Strengths? I have some good habits going already, like not tending to overeat, and exercising pretty regularly as a rule already.
Weaknesses? Time management and meal prep. Reasonably concerned that if I’m going to fail, it will be because I couldn’t consistently organize my meals for portability.
Happy to be on the path with y’all! Sorry for the insanely long post...
I love the jump rope! Who knew? I have managed all four sets without getting hung up. For those struggling with getting feet tangled and whatnot, I’m wondering if you’re using an “exercise” jump rope. This one I got has a little steel cable in it and I think it makes a big difference in how it moves. I had no idea...
Anyway— food going better. Still a little hard to leave the quarter, but far more successful than day 1. Just have to stay conscious. Heading to yoga 🙏🏼
It is clear from the burning in my calves that my body is not used to ballistic muscle activity! For those of us just getting back into athleticism, or perhaps getting into it for the first time, it might be good to add some calf stretches to help avoid shin splints. And jumping on a surface that’s soft or padded is a good idea to absorb a little bit of the shock...
Leaving a quarter of the plate was ridiculously harder than I expected. I don’t really tend to overeat too often, but I also definitely grew up with the “clean your plate” mentality, so I did well at breakfast and dinner, but not so much at lunch. I met a friend for sushi and— well, you just don’t order more than you eat, right? It was interesting what came up for me in my thought process: how it was more about the money wasted than the food. Or that my friend would judge me. Or that I didn’t eat much for breakfast and I was actually that hungry. Lots of cunning ways around the basic fact that while I left a quarter of my salad and a quarter of my soup, I ate all the sushi/sashimi. Did I need it? No. Was I stuffed? No, but I don’t really want that to be the gauge, right? Did it taste good? Of course! And then the inevitable feelings of failure that if I can’t manage this little challenge on day 1, I would never be able to do a ‘real’ diet going forward. Big setup to fail. So I talked myself off the ledge and just let myself have it. Little setbacks are just not going to knock me off my fitness goal. They’re going to show up and they aren’t going to be reason enough to throw in the towel. Actually glad to get a glimmer of awareness around that at the beginning. And make today better!

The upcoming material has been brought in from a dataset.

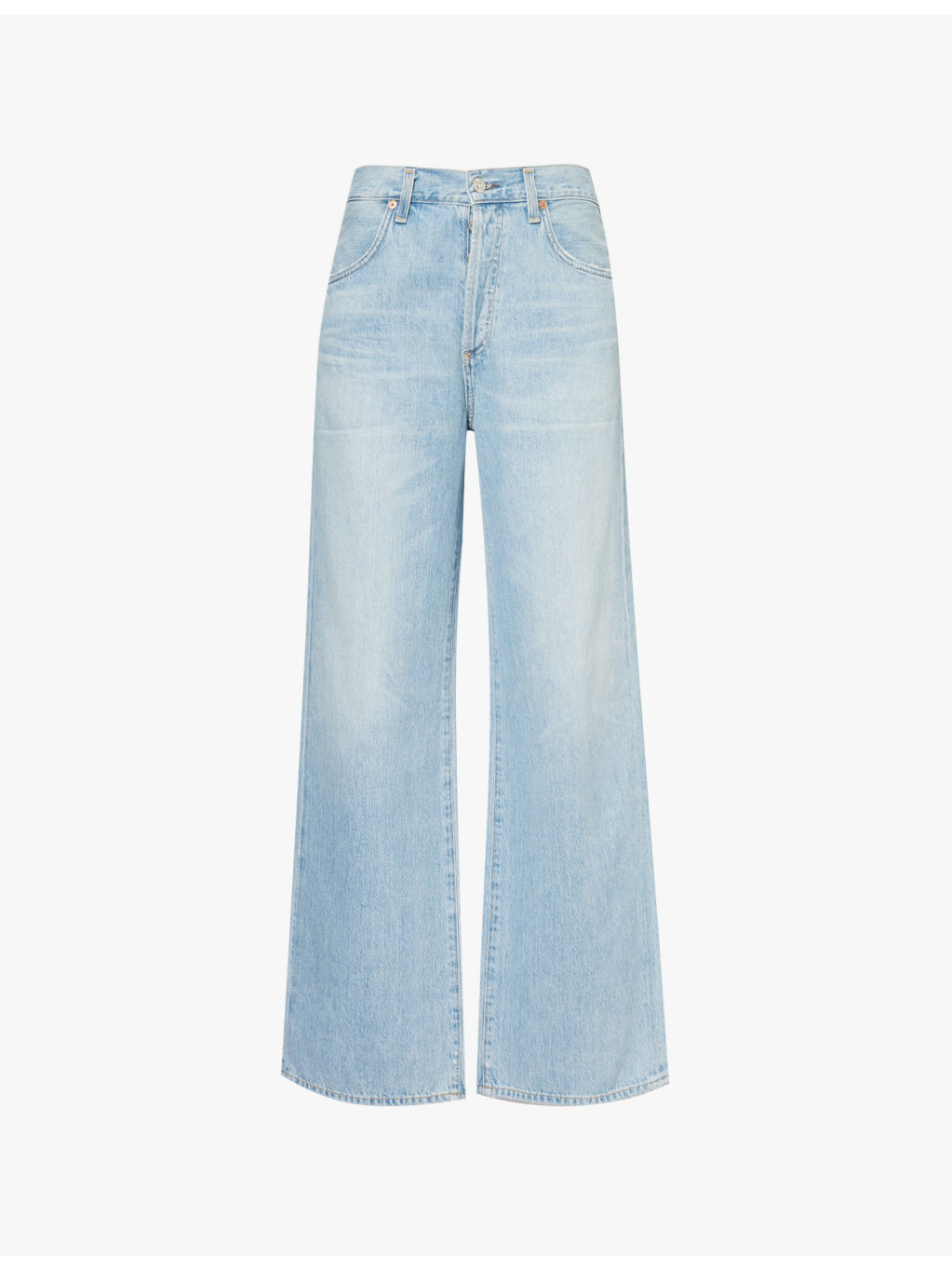 PRODUCT DETAILS - Citizens of Humanity denim jeans - 100% cotton - Exposed button and concealed button-fly fastening - Mid rise, wide leg, belt loops, five pockets, branded patch at back, all-over faded wash - Machine wash cold - True to size - Size UK 26: rise 11.5in / 29.5cm, inside leg 30in / 76.2cm, leg opening 20in / 51.5cm - Model is 5ft 10in / 1.78m and wears a size UK 26 Ref: R04357370

So the workout went pretty well this morning— I guess as well as can be expected when you’re out of shape and just starting back in. My shoulder bugs me during pushups and my jump rope kept twisting up on itself, but whatever. It’s Day 1. I’m allowing for some glitches. It feels good just to start, to be more-or-less beholden to the community and the accountability that creates, and really, just to have a plan. I know it’s going to get harder. A lot harder. And soon. But I’m grateful for the opportunity to be part of it.